RNA-seq with intact cells and low-input samples

  1. Burns et al. (2015) Single-cell RNA-Seq resolves cellular complexity in sensory organs from the neonatal inner ear. Nat. Commun. 6:8557.

    The SMARTer Ultra Low Input RNA Kit for the Fluidigm C1 System was used to perform transcriptome analysis of 301 single cells from the utricular and cochlear sensory epithelia of newborn mice. Comparisons between auditory and vestibular cells from the respective tissues revealed divergent transcriptional profiles, despite the common origin shared by both cell types. The data provide important insights regarding developmental processes that give rise to distinct inner-ear cell types.
  2. Gray Camp et al. (2015) Human cerebral organoids recapitulate gene expression programs of fetal neocortex development. PNAS 112(51):15672–15677.

    The authors performed single-cell RNA-seq using the SMARTer Ultra Low Input RNA Kit for the Fluidigm C1 System to compare the transcriptional profiles of cells obtained from human cerebral organoids and fetal neocortex tissue. They found that cells in cortex-like regions of the organoids use very similar genetic programs to those found in fetal tissues to generate a structured cerebral cortex. The results suggest that cerebral organoids are a useful model system for studying aspects of human cortical development.
  3. Reichel, J., et al. (2015) Flow sorting and exome sequencing reveal the oncogenome of primary Hodgkin and Reed-Sternberg cells. Blood 125(7):1061–1072.

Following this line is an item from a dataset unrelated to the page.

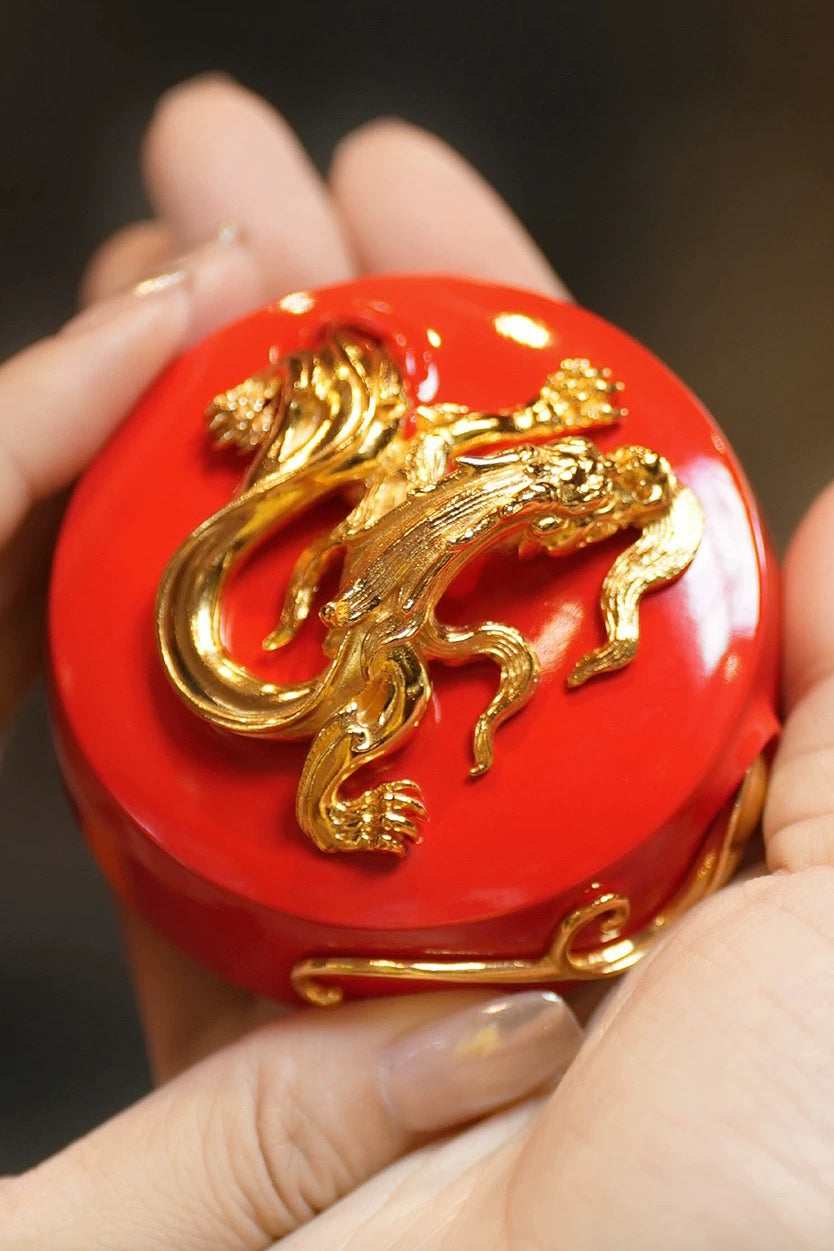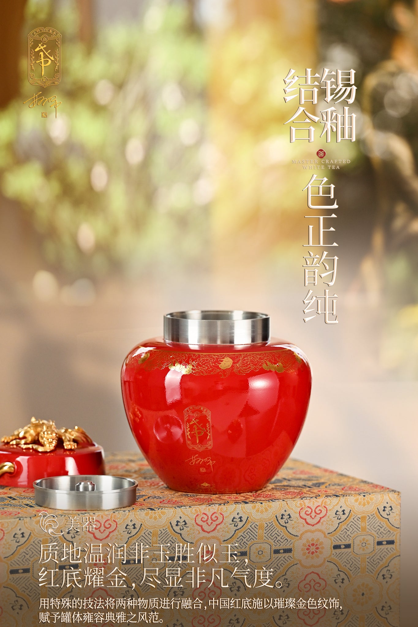 Master Lai Qingguo, an Outstanding Craftsman of Forbes China and representative inheritor of tinware production techniques, designed this Qin-Han Emperor Jar with meticulous craftsmanship. Inspired by the imperial utensils of the Qin and Han dynasties, the jar features a swollen belly and broad shoulders, exuding a majestic momentum within its compact size. Crafted from high-purity tin, it is airtight, dry, and odorless—an ideal container for preserving tea fragrance. Through the changes of seasons, it steadfastly guards the tea's mellow charm. The jar adopts glazed gilding craftsmanship, with red base and golden patterns complementing each other: the dragon patterns on the base symbolize authority, while the river cliff and sea water patterns represent enduring foundations, radiating profound ancient charm. The lid is adorned with a copper-gilded embossed coiled dragon, imposing and powerful, implying the "dragon hiding in the abyss"—a metaphor for latent strength. The integration of tin and glaze creates a texture as warm and smooth as jade, even surpassing jade in elegance. Accompanied by a brocade box with ruyi and interlocking patterns, the jar is not only a practical tea storage container for the tea table but also an ornamental piece for the desk or a portable tea caddy—collectible as a decorative artwork, functional as a tea storage tool, embodying both aesthetic and practical value.

    Researchers optimized low-input exome sequencing of samples from patients with classical Hodgkin lymphoma (cHL) in order to investigate genetic alterations, including transcriptional regulation, which may characterize a tumor's microenvironment. Variants from exome data were validated by whole-transcriptome sequencing using the SMARTer Ultra Low Input RNA Kit for Sequencing with 1–5 ng total RNA extracted from flow-sorted Hodgkin and Reed-Sternberg (HRS) cells.

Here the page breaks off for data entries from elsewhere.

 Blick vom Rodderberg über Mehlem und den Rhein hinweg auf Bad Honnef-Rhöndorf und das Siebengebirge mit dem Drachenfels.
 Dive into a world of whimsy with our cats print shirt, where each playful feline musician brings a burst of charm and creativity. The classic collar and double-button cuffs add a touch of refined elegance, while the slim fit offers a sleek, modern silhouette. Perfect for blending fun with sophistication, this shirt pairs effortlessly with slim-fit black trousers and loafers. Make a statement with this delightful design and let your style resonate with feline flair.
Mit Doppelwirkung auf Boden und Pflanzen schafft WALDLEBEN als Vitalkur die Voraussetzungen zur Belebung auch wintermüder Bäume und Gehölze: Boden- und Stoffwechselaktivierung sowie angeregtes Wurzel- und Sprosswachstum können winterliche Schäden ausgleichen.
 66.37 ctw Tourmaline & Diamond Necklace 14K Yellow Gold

  4. Bao, J., et al. (2014) RAN-Binding Protein 9 is Involved in Alternative Splicing and is Critical for Male Germ Cell Development and Male Fertility. PLoS Genet. 10(12):e1004825.

    RNA immunoprecipitation followed by next-generation deep sequencing (RIP-Seq) and proteomic analyses was used to investigate the cellular functions of RANBP9 in the testicular somatic and spermatogenic cells of 6-week-old mice. The SMARTer Universal Low Input RNA Kit for Sequencing was used to synthesize 1–2 µg cDNA from pulled-down mRNAs, and subsequent Illumina library preparation was performed.

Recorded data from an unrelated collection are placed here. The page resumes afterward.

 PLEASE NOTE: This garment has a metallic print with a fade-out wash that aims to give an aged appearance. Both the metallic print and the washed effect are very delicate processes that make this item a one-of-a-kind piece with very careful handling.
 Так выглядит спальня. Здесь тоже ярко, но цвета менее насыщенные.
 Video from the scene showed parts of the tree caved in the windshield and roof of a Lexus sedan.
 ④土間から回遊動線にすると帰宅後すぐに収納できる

  5. Cabezas-Wallscheid, N., et al. (2014) Identification of regulatory networks in HSCs and their immediate progeny via integrated proteome, transcriptome, and DNA methylome analysis. Cell Stem Cell 15(4):507–522.

    This study used technological advances for analysis of rare cell populations to establish proteome, transcriptome, and genome-wide methylome data for hematopoietic stem cells (HSCs) and four multipotent progenitor (MPP) populations in order to better characterize changes in gene expression that occur at various stages of cell differentiation. cDNA libraries were generated from 10 ng total RNA using the SMARTer Ultra Low RNA Kit for Illumina Sequencing.

  6. Chen, L., et al. (2014) Transcriptional diversity during lineage commitment of human blood progenitors. Science 345(6204):1251033.

    This study looked at RNA-seq data from eight primary human hematopoietic progenitor populations representing various stages in the development of differentiated blood cells. The SMARTer Ultra Low RNA Kit for Illumina Sequencing was used to generate RNA-seq libraries from 25 poly(A)+ RNA samples, yielding 2.4 x 109 unique reads in total, ranging from 36–150 x 106 reads per sample.

  7. Heaton, N. H., et al. (2014) Long-term survival of influenza virus infected club cells drives immunopathology. J. Exp. Med. 211(9):17071714.

    Using the SMARTer Ultra Low RNA Kit for Illumina Sequencing to perform RNA-seq using club cells that survive infection with influenza A virus (IAV), the authors describe how these cells are transcriptionally unique from uninfected cells derived from a similar environment. The authors report that these club cells are important in preventing lung tissue damage caused by infection with IAV.

  8. Jenkins, N.T., et al. (2014) Transcriptome-wide RNA sequencing analysis of rat skeletal muscle feed arteries. I. Impact of obesity. J. Appl. Physiol. 116(8):1017–1032.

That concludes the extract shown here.